The wind rumbles like a monster’s purr. Breathy whistles hiss through neighbours’ masts. Now and then I hear a helicopter, an old man singing through his dentures and a baritone chipmunk, none of which are there. Gwen jerks a little, tugging on those few ropes that hold us to our pontoon, and it feels like it’s black everywhere but in this cosy, coal warmed and LED lit saloon. The powers that be have called this storm Frank, but Frank isn’t going to bother me tonight. I’m putting on a trashy movie. Pardon me.

I am alone on the boat, and let’s not pretend for a minute that I’m not loving this bit of solitude while Rich completes his Christmas tour with a fishing, drinking and camping spree. For five days, I’m king, and I decree that the fire shall be too hot, the kitchen unkempt and the sofa covered in notebooks and paint and musical instruments. We had a lovely Christmas, but I had to return from his family visit early to go to work, so every spare moment is bliss.

It’s been two months again since I last wrote, but it feels like there’s little to write when we’re static, both saving up for our big adventure next year and not really doing a lot to the boat. The main change in our lives has been Richard’s arm, which was opened up and relieved of two ten year old metal plates a fortnight ago.
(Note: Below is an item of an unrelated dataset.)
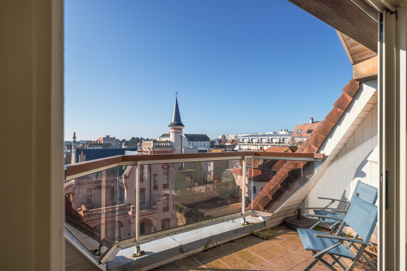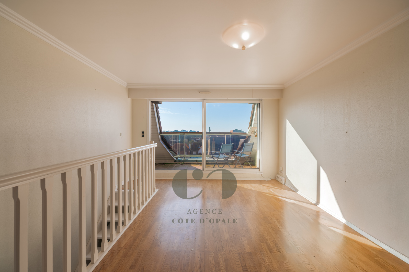 Au coeur de la ville, appartement en duplex de 51m2 exposé plein sud; Il est composé d'une entrée avec placards et un coin cabine, les wc et salle de bain. A l'étage un séjour avec kitchenette s'ouvre sur une terrasse avec une vue exceptionnelle. Cave incluse et possibilité de garage en sous sol en option. Des travaux de rafraichissement sont à prevoir .
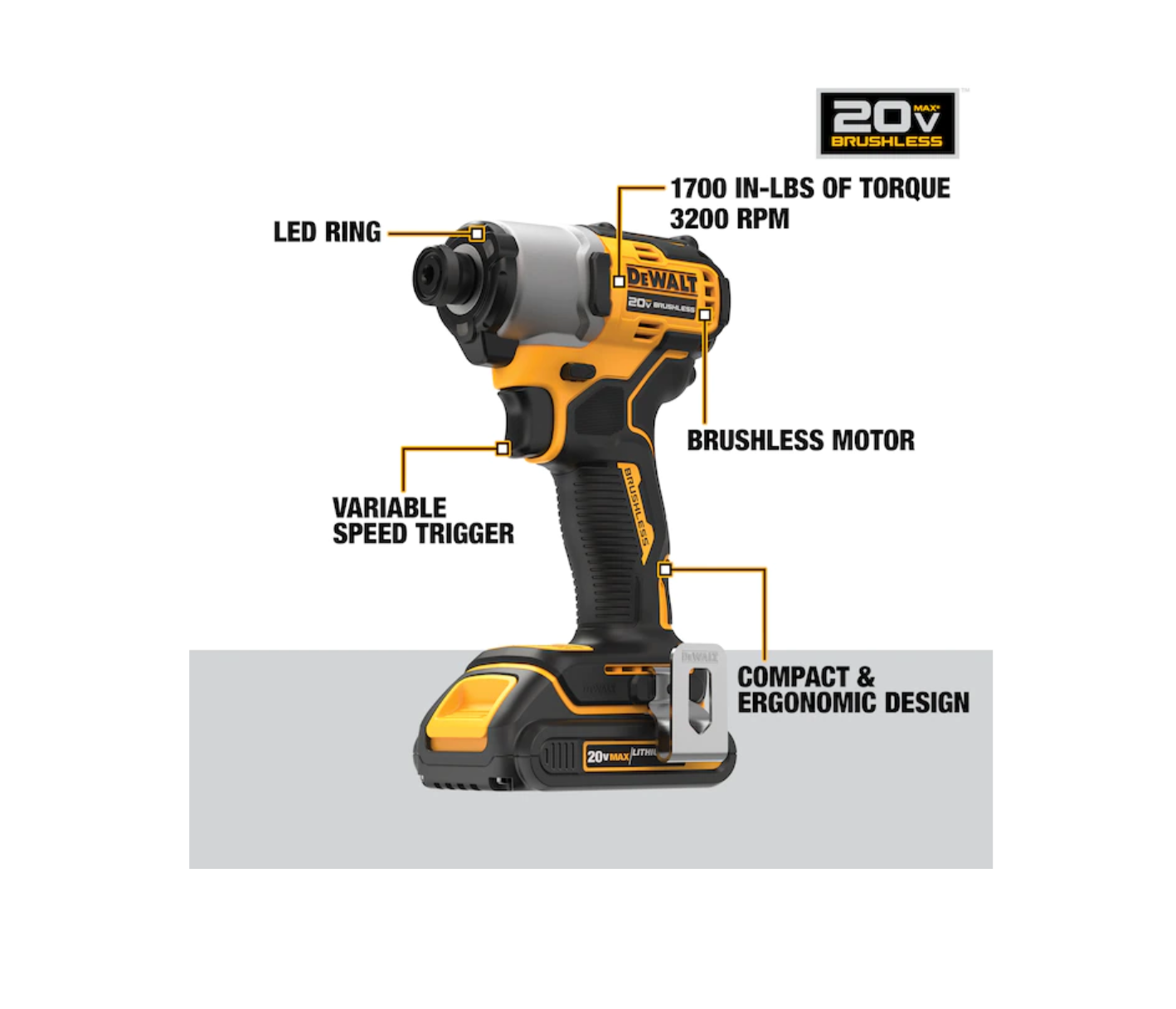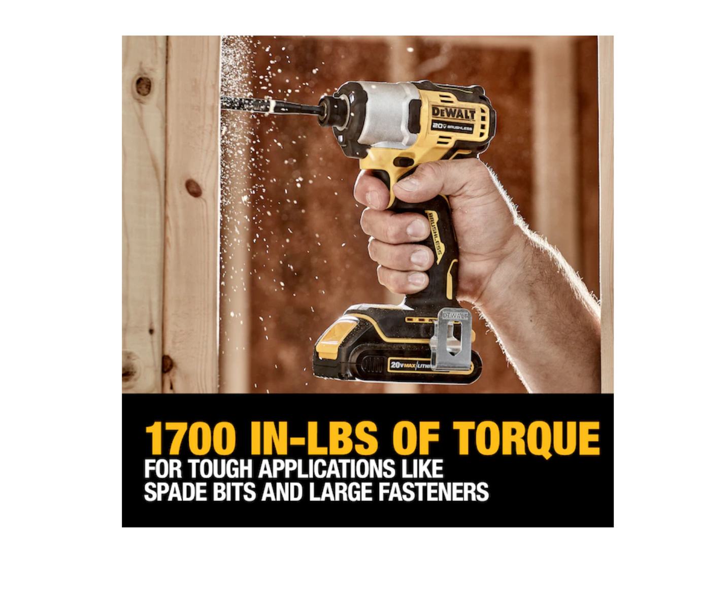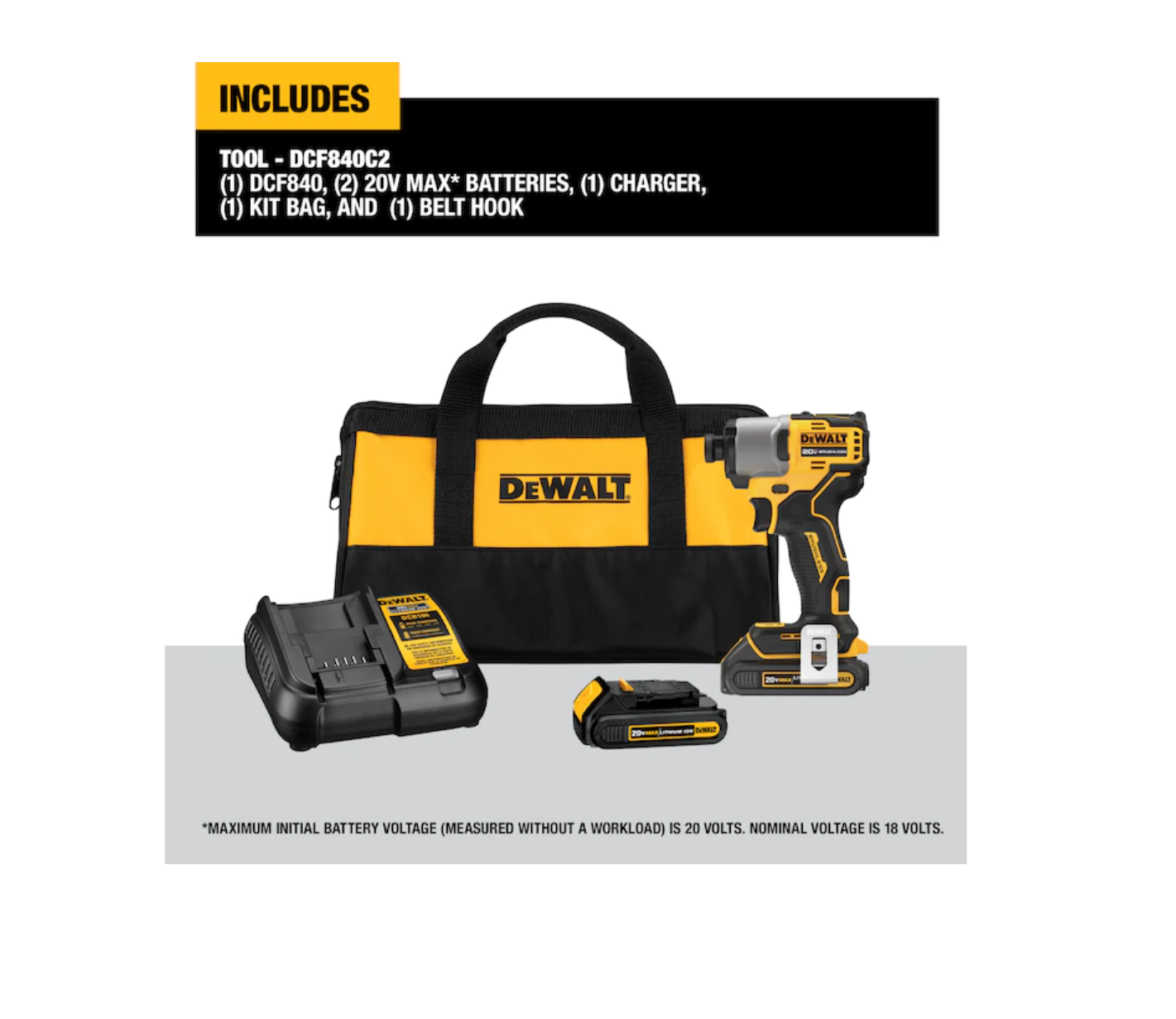 DEWALT DCF840C2 Brushless 20-volt Max 1/4-in Variable Speed Brushless Cordless Impact Driver (2-Batteries Included)

He’s not allowed to work for six to twelve weeks after the surgery, but, you know, fishing and hammock camping in Shropshire is all fine (Frank is ruling out the latter, I fear). With him out of action and me hopping nimbly through the usual variety of low paid jobs our aim of having enough to leave for a summer of sail in May seems in peril, but we persevere with hope. Rich has started on the upholstery, and will soon turn to making his and hers dinghies when his arm’s a little stronger. I’m getting scheduled for temp work when the Canteen shuts for a month, and have applied for medical trials to try and earn a quick buck.
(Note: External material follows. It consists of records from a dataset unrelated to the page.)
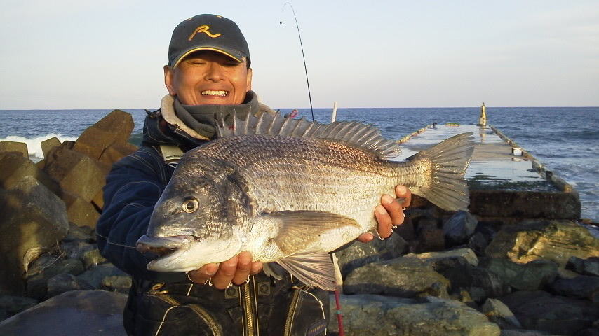 黒鯛 53p 2.25s 釣り人チームウキ工房関東支部 富田幸義 日時 2013年1月11日(金曜日) 場所 松崎町 岩地大根 水温 14.1度 満潮 05:16 干潮 10:33
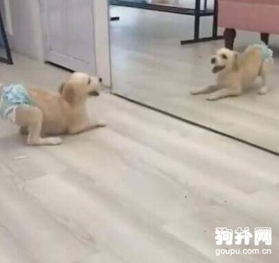 主人你为什么要这么对本汪?狗狗反复地盯着镜子里的自己,完全不能接受自己的这幅尊容。帅气潇洒的自己为什么穿上尿不湿会这么难看,这落差太大,恕本汪拒不接受。
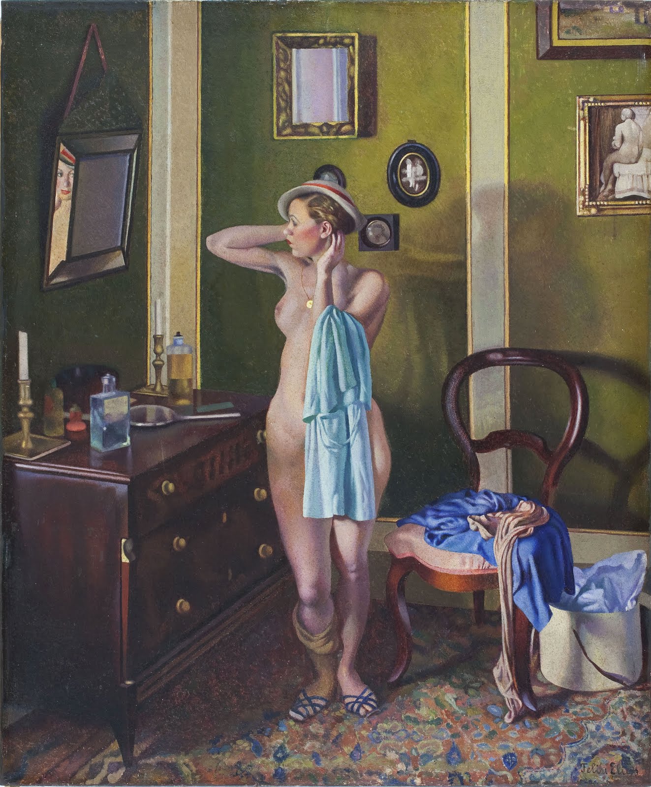 El MNAC disposava de set pintures ja: sis natures mortes i la pintura “La Galeria” amb presència de la figura humana. Aquest tema Elias el va practicar bastant durant els anys 20 i 30 i és l’etapa a la que pertany l’oli adquirit. “El barret nou” mostra una noia nua, tapada en els punts més provocatius, emprovant-se un barret. Pintura d’estil clar i lluminosa. Aquest tipus de pintura connecta amb els llenguatges europeus de l’època de retorn a l’ordre. La nova pintura es podrà veure a la col·lecció permanent d’art modern, a partir del setembre.

The last two months have been warmish but windy, and not always easy. Rich exhausted himself with work and was grumpy and tired in rare spare moments, while I taught, waited tables and designed and felt undervalued when it didn’t seem like enough. The Artist’s Way has bolstered my inspiration to create and I’ve been writing, drawing and painting, and feeling good about myself, and I don’t want to give that up just to slog away at something that doesn’t make my heart sing – but there’re only so many hours in a week and a lot of money left to make. I am prone to twisting myself up with analysis of the delicate compromises of independence, frivolity and direction that come with cohabiting in a floating bunker, but we always end up talking it through, and in the end we support each other. I’ve got fat, Rich has got hacked up, and Gwen has simply endured. As she has done consistently since we left the shed, she outperforms us both.


Sunset on the Millbrook mud on my regular walk home from work.
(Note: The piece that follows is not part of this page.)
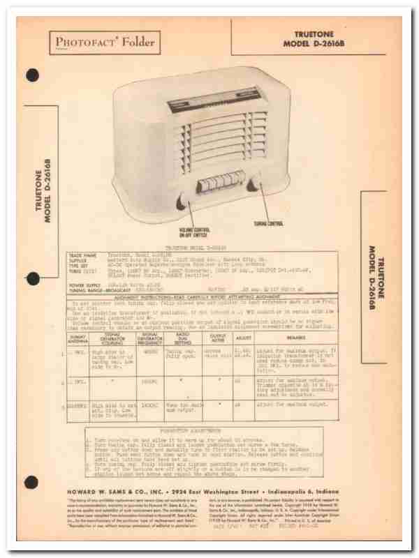 truetone model d-2616b 6-tube am radio receiver sams photofact manual
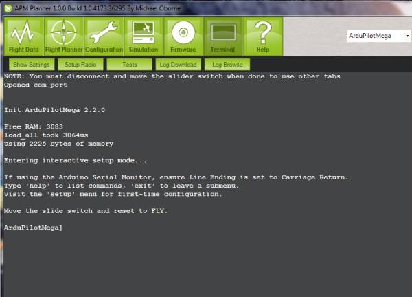 The Mission Planner Command Line interpreter is a serial terminal line editor that works similarly to the way the old DOS prompt operating systems used to work. If you want, you can set up and test APM is via a Command Line Interpreter (CLI). It is only available via the USB cable and it cannot be used via an Xbee or 3DR wireless telemetry connection. Open up the Terminal in the Mission Planner by selecting the Terminal tab (ensure that the serial baud rate is set for 115200). This will bring up the Terminal window, and it should automatically take you to the APM CLI menu (if not, click in the window and hit “Enter” three times):

Next, it gets busy. We’re going to write a new list of “to do” and “to buy” on the Chard’s return, and there are some big’uns waiting to be filled in there. Not to mention small, annoying matters like paperwork, making backups of things and fixing small domestic bothers. We need to try and remember all the things we said we were going to change on the rig while we were sailing months ago – try some winches out, fit the self steering, make something to tie on to for safety, and the rest. I’m going to try and fit my creative capers in between, and I’m going to start running again. Carrying around this winter gut feels like unnecessary hard work in itself.

There’s a lot I could tell you about – how disconnected I feel from the norm after spending time with normal people this Christmas. How much I enjoyed visiting London to see old friends and new Star Wars. The joy of seeing Rich alive, well and drugged up in hospital and learning that he was in trouble with the nurses for screaming “motherfucker” as his anaesthetic wore off. But it sounds like Frank has now invited hail to join his strange sonic party, and I really need to turn this movie up. Until next time.



2 thoughts on “Tidings

  1. Emily says:

    This is beautiful. It gives a glimpse into your soul and all its complexities. You’ve captured the essence of a moment, or a series of moments, something all of us writers long to do. I feel like you’re like me, in a sense, my parents never stop wondering when I’ll “get a real job and join society.” FUCK REAL JOBS! The shitty one’s suck, too, but at least we are always free to leave a shitty job, or to work a shitty job for three months and take off for six. PS- I’m waiting tables, too! And writing freelance for this newspaper and the editor always changes my words. If I didn;t need a buck I wouldn’t write for them any longer.